En 1930, il fonde avec Henri Roger l'Union rationaliste, dont il devient le président de 1938 à 1946, afin de promouvoir le rôle fondamental de la raison dans les avancées techniques, scientifiques et culturelles de l’Humanité. Par ailleurs, il est également fondateur du journal La Pensée, avec Georges Cogniot, en 1939.
En 1932, il fonde avec Henri Barbusse et Romain Rolland le Comité mondial contre la guerre et le fascisme (Amsterdam-Pleyel).
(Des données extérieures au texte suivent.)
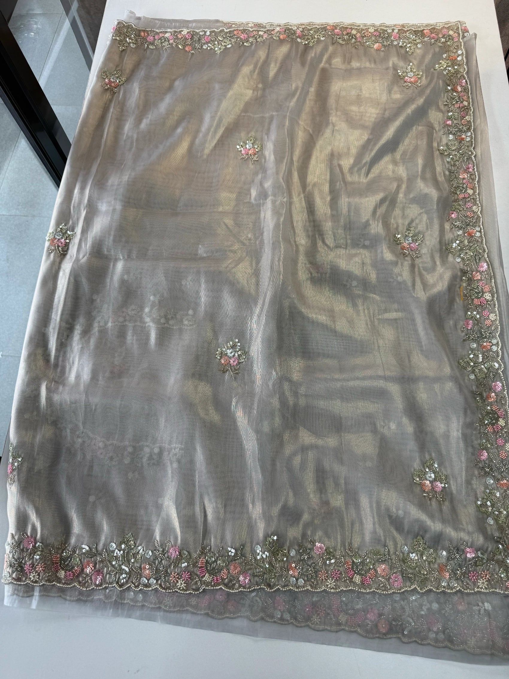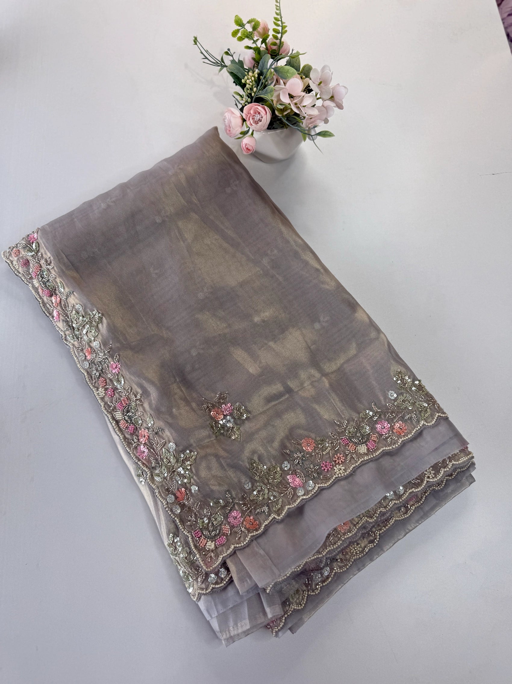 An ethereal tissue organza saree in a serene pastel hue, adorned with a delicately handworked border featuring pearl and sequin embellishments. The elegant craftsmanship continues on the sleeve ends and back side of the blouse, creating a cohesive, luxurious finish. Lightweight and slightly sheer, this saree drapes beautifully—perfect for both day and evening occasions that call for timeless elegance.

En mars 1934, il lance un appel commun aux travailleurs, avec le philosophe Alain et l’ethnologue Paul Rivet, face à la menace d’extrême droite. Cet appel préfigure le Comité de vigilance des intellectuels antifascistes[25]. Au cours de ses engagements des années 1930, Langevin est compagnon de route du Parti communiste[26]. Il participe à la Conférence nationale de Gennevilliers en 1938 et témoigne en faveur des députés communistes accusés de trahison en mars 1940. Cela ne l’empêche pas de protester contre le Pacte germano-soviétique au nom de l’Union des intellectuels français en août 1939. Ses convictions rationalistes et sa foi dans la science humaniste et bienfaitrice évoluent sensiblement vers le matérialistedialectique aussi bien au niveau scientifique que philosophique[27] bien avant qu'il ne se considère comme marxiste[28].
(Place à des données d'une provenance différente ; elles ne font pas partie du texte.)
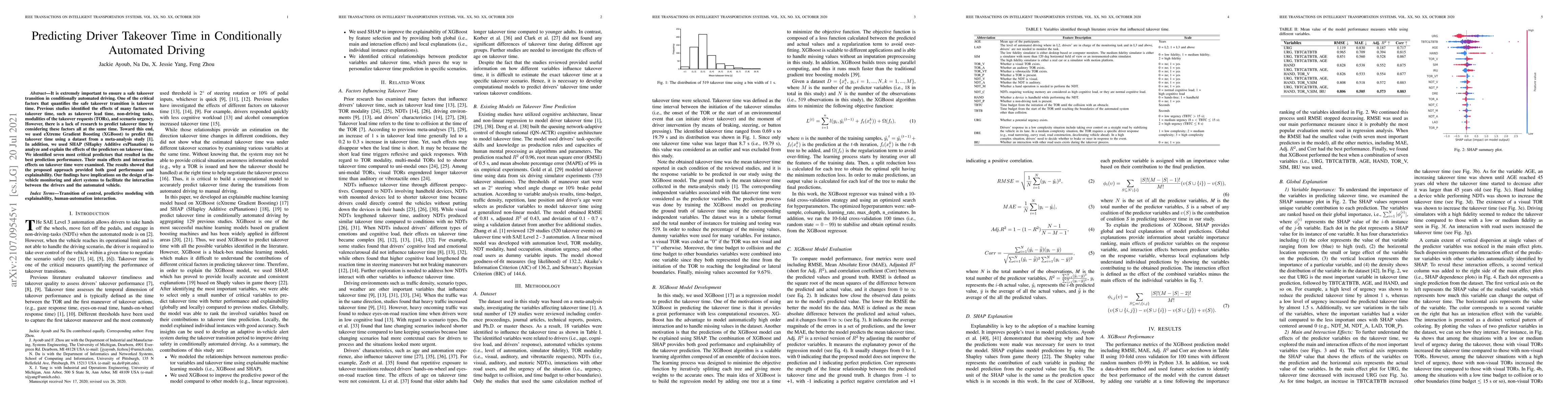 It is extremely important to ensure a safe takeover transition in conditionally automated driving. One of the critical factors that quantifies the safe takeover transition is takeover time. Previous studies identified the effects of many factors on takeover time, such as takeover lead time, non-driving tasks, modalities of the takeover requests (TORs), and scenario urgency. However, there is a lack of research to predict takeover time by considering these factors all at the same time. Toward this end, we used eXtreme Gradient Boosting (XGBoost) to predict the takeover time using a dataset from a meta-analysis study [1]. In addition, we used SHAP (SHapley Additive exPlanation) to analyze and explain the effects of the predictors on takeover time. We identified seven most critical predictors that resulted in the best prediction performance. Their main effects and interaction effects on takeover time were examined. The results showed that the proposed approach provided both good performance and explainability. Our findings have implications on the design of in-vehicle monitoring and alert systems to facilitate the interaction between the drivers and the automated vehicle.

En 1944, Paul Langevin devient membre du Parti communiste pour, dit-il, succéder à son gendre Jacques Solomon, « sans prétendre le remplacer »[29]. L'optimisme scientifique qui a orienté toute sa pensée et son action, résiste à toutes les épreuves. Malgré son horreur de la guerre, en 1945, il considère avec Frédéric Joliot-Curie la bombe d'Hiroshima comme l'aube d'une ère nouvelle[30].
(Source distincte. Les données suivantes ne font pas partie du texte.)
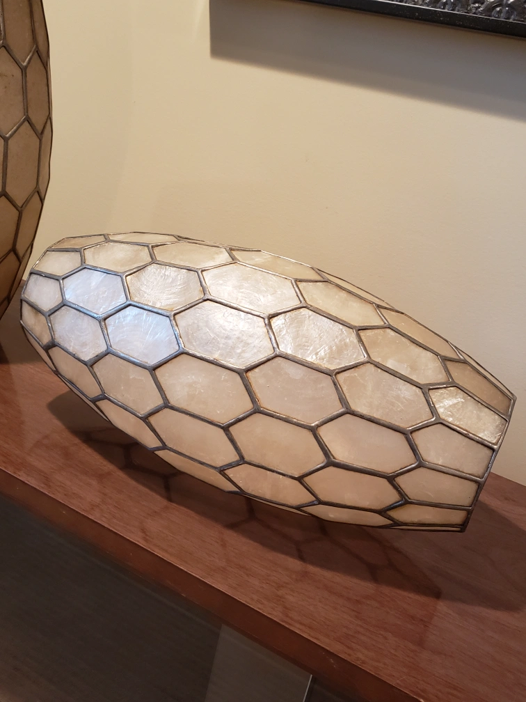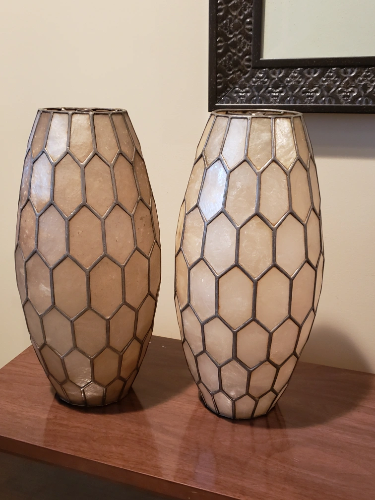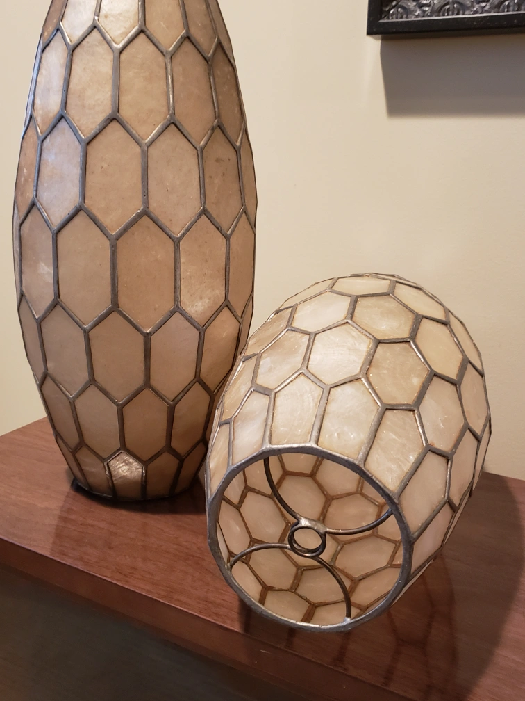 RARE CAPZI LAMP SHADES, WHAT A FANTASTIC FIND. Thess delightful shell lamp shades are 2 very old pieces crafted for YOUR unique space . The versatility of these lamp shades can mean lamps, pendent fixtures or wall sconces. Change your light bulb color and change the lamp color. A swag lamp or a table lamp. This capzi lamp shade is a collectors dream! 7 inches diameter and 15 inches tall. $200 each or for both $300.

Il est le président de la Ligue des droits de l'homme de 1944 à 1946, après en avoir été le vice-président à partir de 1927[31].
Éducateur et pédagogue
Dès 1921 Langevin adhère à la Ligue internationale pour l'éducation nouvelle, co-fondée par Beatrice Ensor, Maria Montessori et Adolphe Ferrière, « dans un cri de révolte contre la guerre ». L’objectif est double : participer à la réconciliation des peuples en éduquant la jeunesse et lutter contre la mécanisation croissante de la vie, contre les écoles-usines à produire des adultes en favorisant les innovations pédagogiques. Langevin partage cet élan vers les pédagogies nouvelles et favorise l’essor de la recherche pédagogique. Président d’une commission chargée de réorganiser le Musée pédagogique en 1926, il propose de créer un Institut national de recherche pédagogique ainsi qu’un Centre national de documentation pédagogique. Au sein de la commission de réforme de l’école unique en 1925, Langevin défend ardemment l’idée que l’école doit avant tout donner une culture commune à toutes les sections. Il oppose la culture conçue comme moyen de créer du lien social et la profession considérée comme un facteur de division sociale. Cette culture doit être commune à toutes les sections. Contre les partisans de la culture classique, il englobe dans cette culture commune « le travail manuel et les arts, les sciences expérimentales et théoriques, l’histoire des idées et des faits, les langues et les littératures, et la philosophie ».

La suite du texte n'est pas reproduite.